When Outkast released their debut album, Southernplayalisticadillacmuzik, in 1994, it didn’t just put them on the map—it also highlighted the strength of Southern hip-hop more broadly.

But it was only with the follow-up album, ATLiens, that the staying power of André 3000, Big Boi, and their wider Southern scene became crystal clear. ATLiens was a serious work of art, and it sent shockwaves through the established hip-hop community.

Hip-hop, until this point, had been dominated by the East and West Coasts, with supremacy perpetually wrestled back and forth between the two. But once Outkast arrived on the scene, things changed. They proved that rap innovation wasn’t confined to New York and California, and that didn’t go down well with those two established hip-hop communities. When Outkast won Best New Rap Group at the 1995 Source Awards, the crowd booed them viciously, but the duo was undeterred. “The South got something to say,” Dré said from the podium. He meant what he said. Outkast released ATLiens the following year.

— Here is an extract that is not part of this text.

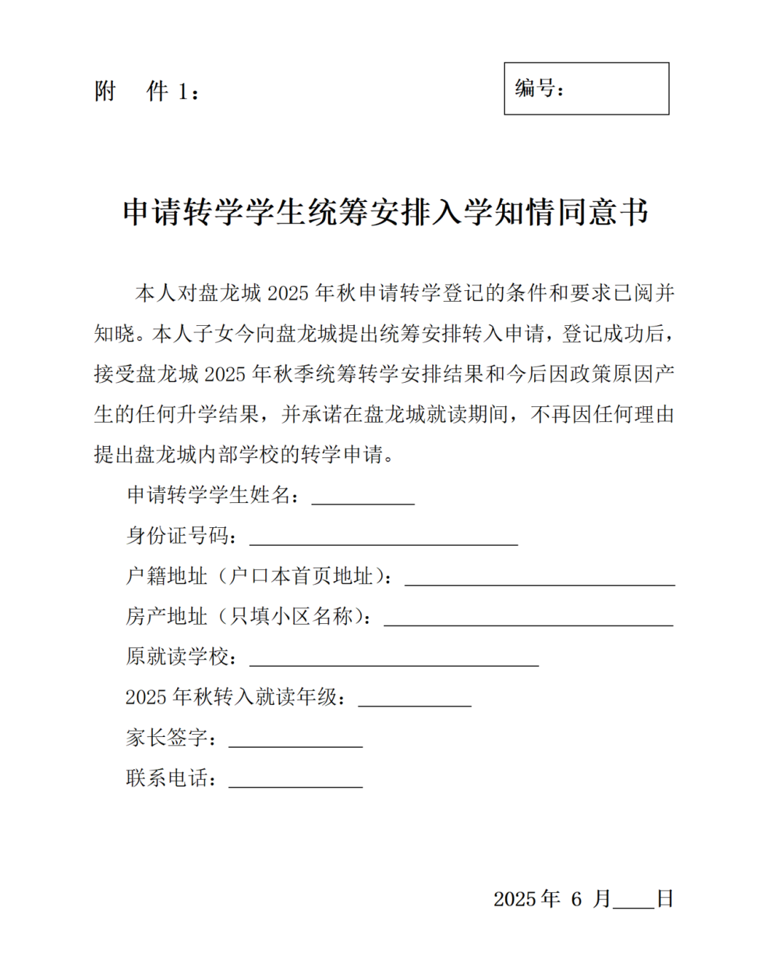 4.申请转学学生统筹安排入学知情同意书(见附件1)。

Reflecting on this booing incident many years later, during a conversation with Spin in 2016, Big Boi said, “I call it the rap civil war. We were the first ones to break through to the North and have them respect us as MCs, our craft, our ability to write lyrics, and have bars. They had to respect it. He spoke it at the award show because they booed, but we didn’t give a fuck. It pissed us off, and they shouldn’t have did that, because it fueled us and threw gas on the fire. But we were already thinking that, because we had to fight so hard to be recognised.”

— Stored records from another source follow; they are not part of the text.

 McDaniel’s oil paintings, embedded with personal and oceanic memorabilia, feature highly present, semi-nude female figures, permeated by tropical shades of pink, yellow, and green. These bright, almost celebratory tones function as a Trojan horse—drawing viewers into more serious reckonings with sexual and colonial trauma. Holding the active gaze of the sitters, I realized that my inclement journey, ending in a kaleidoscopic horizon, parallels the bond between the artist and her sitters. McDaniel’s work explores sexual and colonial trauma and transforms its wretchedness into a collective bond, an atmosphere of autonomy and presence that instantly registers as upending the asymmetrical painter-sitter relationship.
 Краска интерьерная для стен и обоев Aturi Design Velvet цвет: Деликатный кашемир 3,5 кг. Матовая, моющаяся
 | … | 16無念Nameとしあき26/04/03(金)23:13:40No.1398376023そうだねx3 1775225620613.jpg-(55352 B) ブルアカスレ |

Big Boi and André 3000 were at least partly driven to create a great second album because of the animosity that greeted them from the established hip-hop community, but it wasn’t the only thing that influenced the record that would become ATLiens. Big Boi and Dré’s respective lives were changing a lot during this period in the mid-’90s, with Dré returning to school to pick up his education and Big Boi becoming a dad, which clearly shaped his view of the world.

“It made me more responsible,” Big Boi reflected two decades after the fact. “My daughter became my number-one priority. It was like the papa bear and his cubs. You would do anything to protect that baby and anything to provide for your family.”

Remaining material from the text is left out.